Single by A Flock of Seagulls

from the album The Story of a Young Heart
- B-side: "Lost Control (Totally)"
- Released: 2 July 1984
- Recorded: 1984
- Genre: New wave
- Length: 4:10
- Label: Jive
- Songwriters: Mike Score, Ali Score, Paul Reynolds, Frank Maudsley
- Producer: Steve Lovell

A Flock of Seagulls singles chronology
| "(It's Not Me) Talking" (1983) | "The More You Live, the More You Love" (1984) | "Never Again (The Dancer)" (1984) |

= The More You Live, the More You Love =

"The More You Live, the More You Love" is a song by A Flock of Seagulls, released as the first single from their third album, The Story of a Young Heart. It is the band's last international hit to date.

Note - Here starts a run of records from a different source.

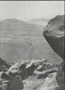 As we observed the scenery, the horizon to the left darkened. Black, heavy cloud masses gathered. Driven by the storm, they were swept forward into one of the valleys. The same storm that chased the clouds also raged with violent speed across the valley floor, lifting great swirls of dust up toward the clouds. These now began to discharge their contents in a heavy rain, which to our eyes looked like a cloudburst. The intensely heated, dry air seemed to completely absorb the falling rain, which never reached the surface of the earth to settle its dust. The storm, the dust swirls, the clouds, and the rain followed that one valley exclusively, while all the others were bathed in the most glorious sunshine. Heavy shadows were cast from the clouds down to the earth, which in their dark variations of color resembled islands in the ocean. It was a scene worthy of being captured on canvas with a brush. “Great are the works of the Lord; sought out by all them that have pleasure therein.”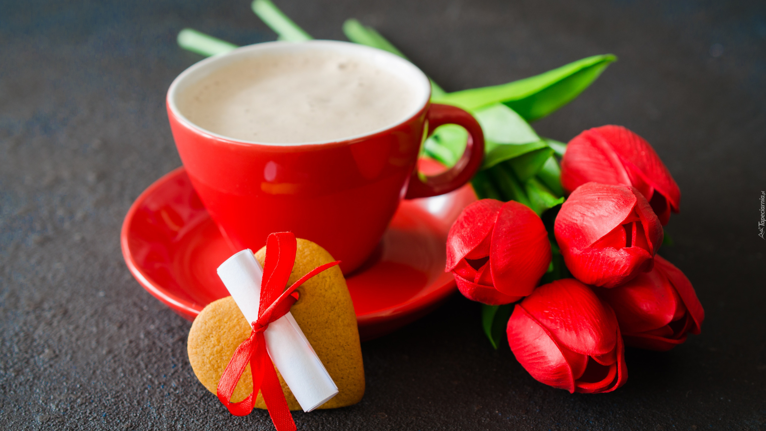 Edytor tapety: Tulipany obok filiżanki kawy i ciasteczkiem z liścikiem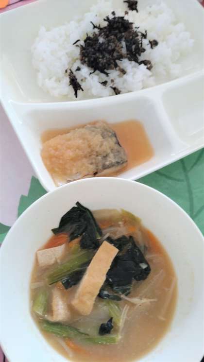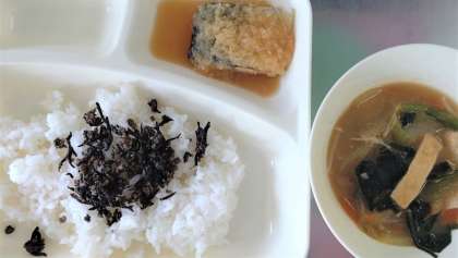 今日の給食は、さごしのみぞれかけ、みそ汁、牛ひじきそぼろ、ごはん、牛乳です。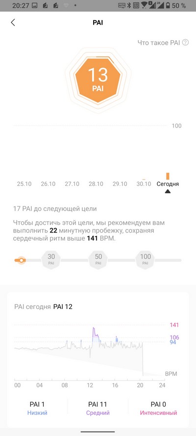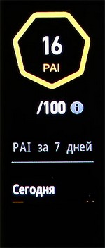 Главное окно приложения, раздел с индексом PAI. (Индекс физической активности, рассчитываемый по нескольким параметрам, куда входит прежде всего пульс.)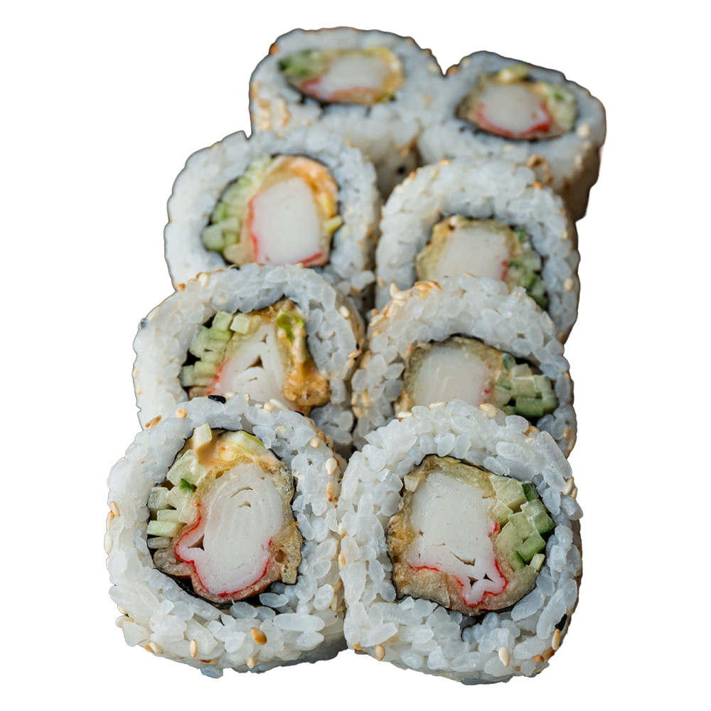 Paluszek w tempurze, spicy mayo, por, ogórek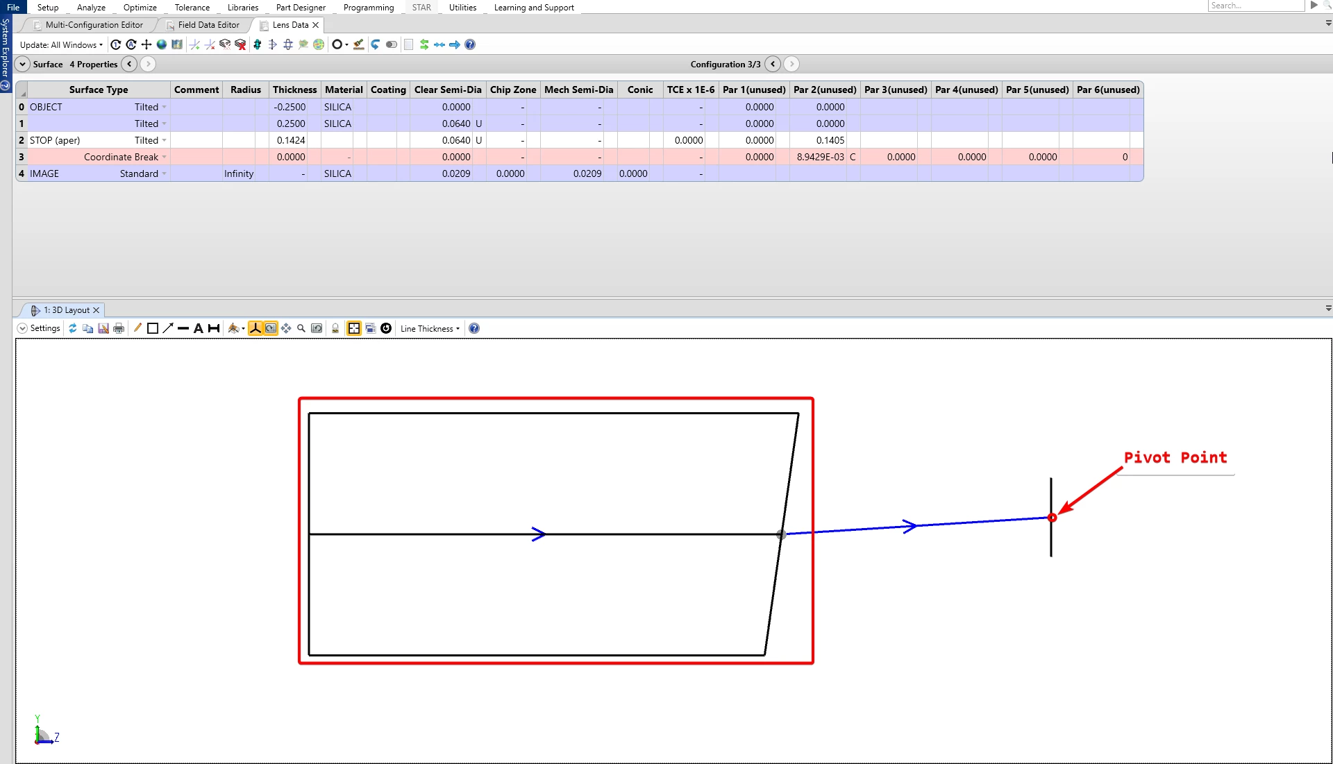 Here is a an example showing a simple Optic Fiber with Chief ray centered on to Image surface. How can I pivot Surfaces 1→3 about the Pivot point centered on the Image surface?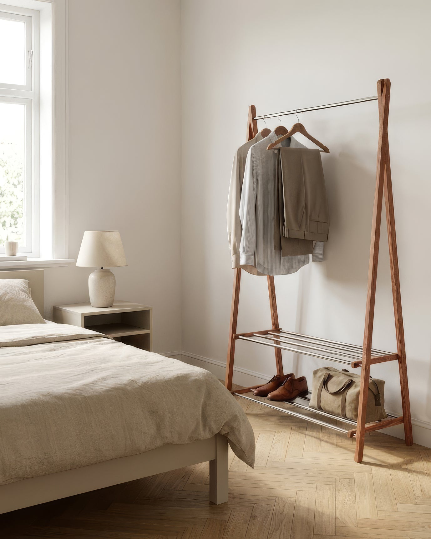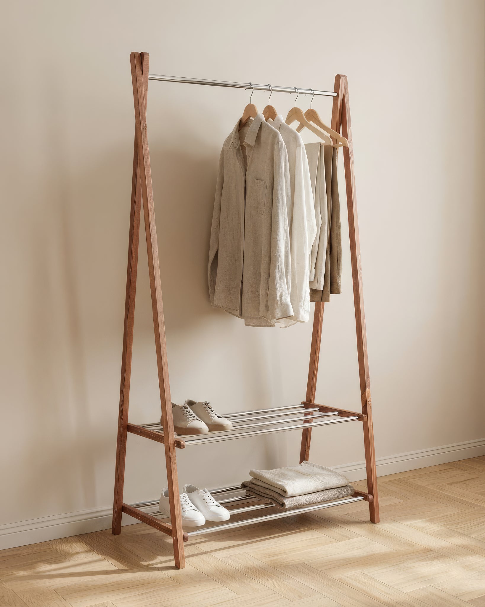 Portant pliable en bois rouge massif et acier inoxydable chromé offrant une solution de rangement élégante et fonctionnelle. Son design épuré s’intègre parfaitement dans un salon ou une chambre à coucher tout en apportant une touche moderne et structurée à l’espace.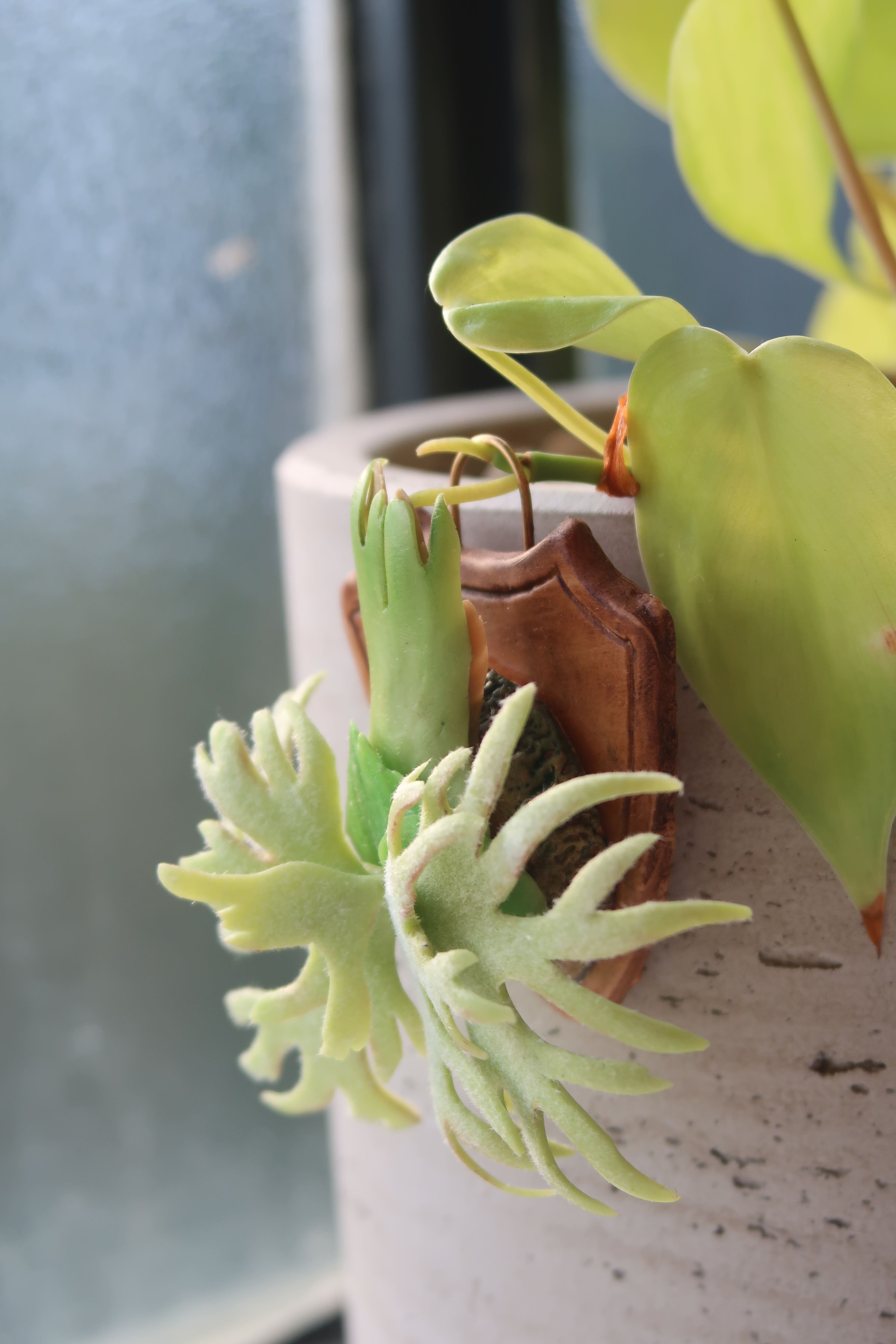 This one-of-a-kind staghorn fern hanging is meticulously handcrafted by an artist using sculpted clay to capture the natural curves and textures of real fern leaves.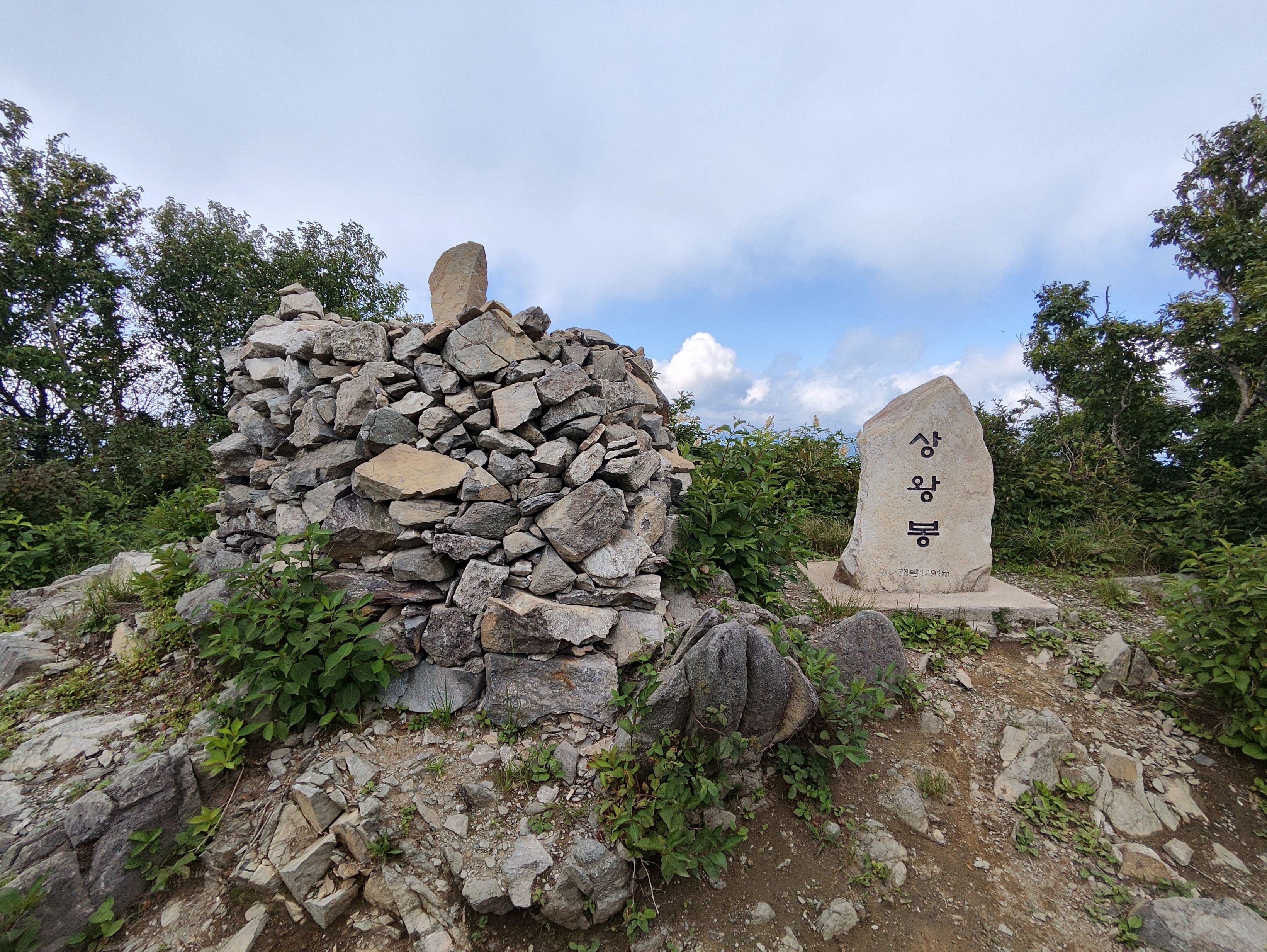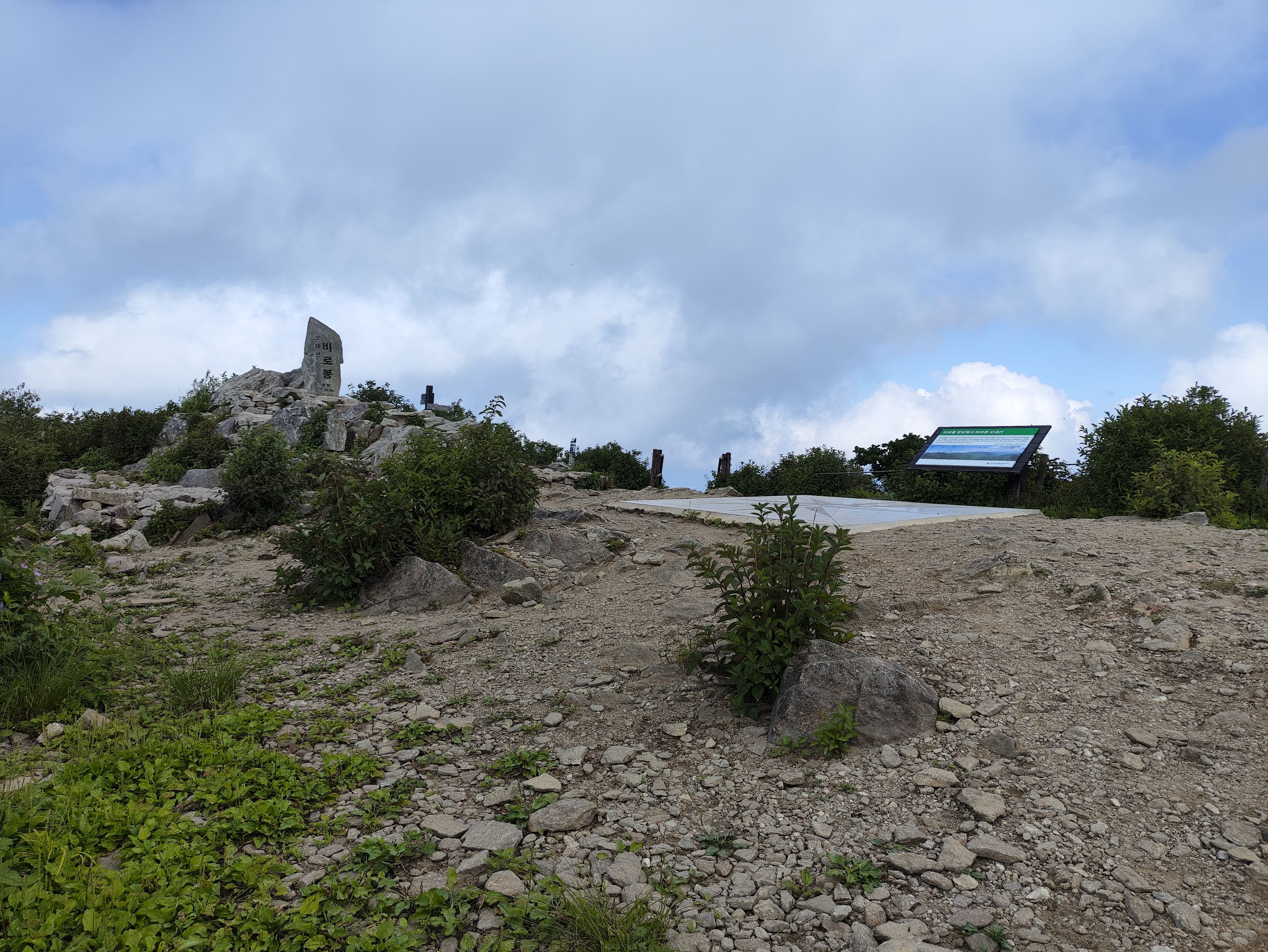 2시간 정도 걸려 오대산 정상 비로봉 도착.. .1563미터입니다. 흙산인데 돌이 있는 것으로보아 다른데서 가져왔거나 주변에서 티끌모으듯 주워모았거나.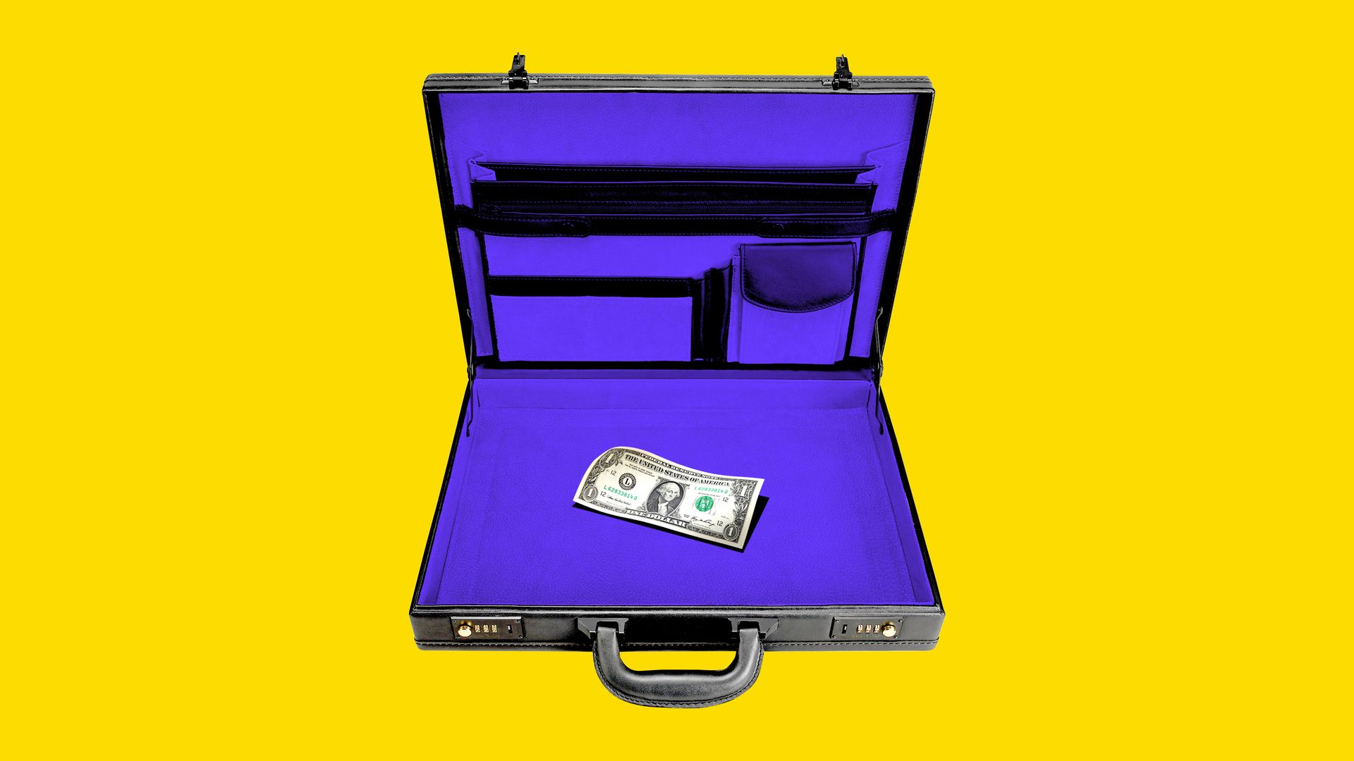 An illustration of Air Force One, with Donald Trump's signature in the place of the trails from the plane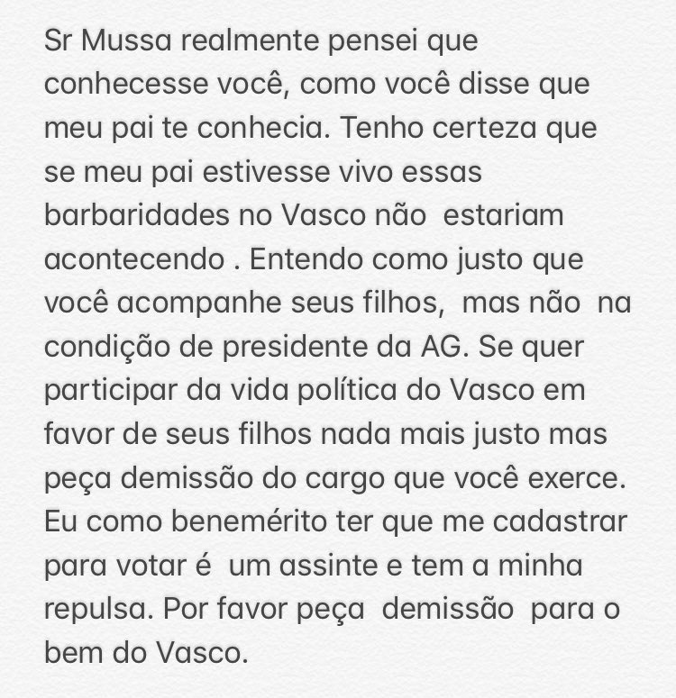 Na ocasião, sugeriu também que Mussa peça para sair: "Peça demissão do cargo que exerce".

The song entered the top 40 in the UK and several other countries, including Germany and New Zealand. In the United States, it peaked at numbers 56 and 10 on the Billboard Hot 100 and Mainstream Rock charts respectively. "The More You Live, the More You Love" had similar success in Belgium (Flanders), where it also peaked at No. 10.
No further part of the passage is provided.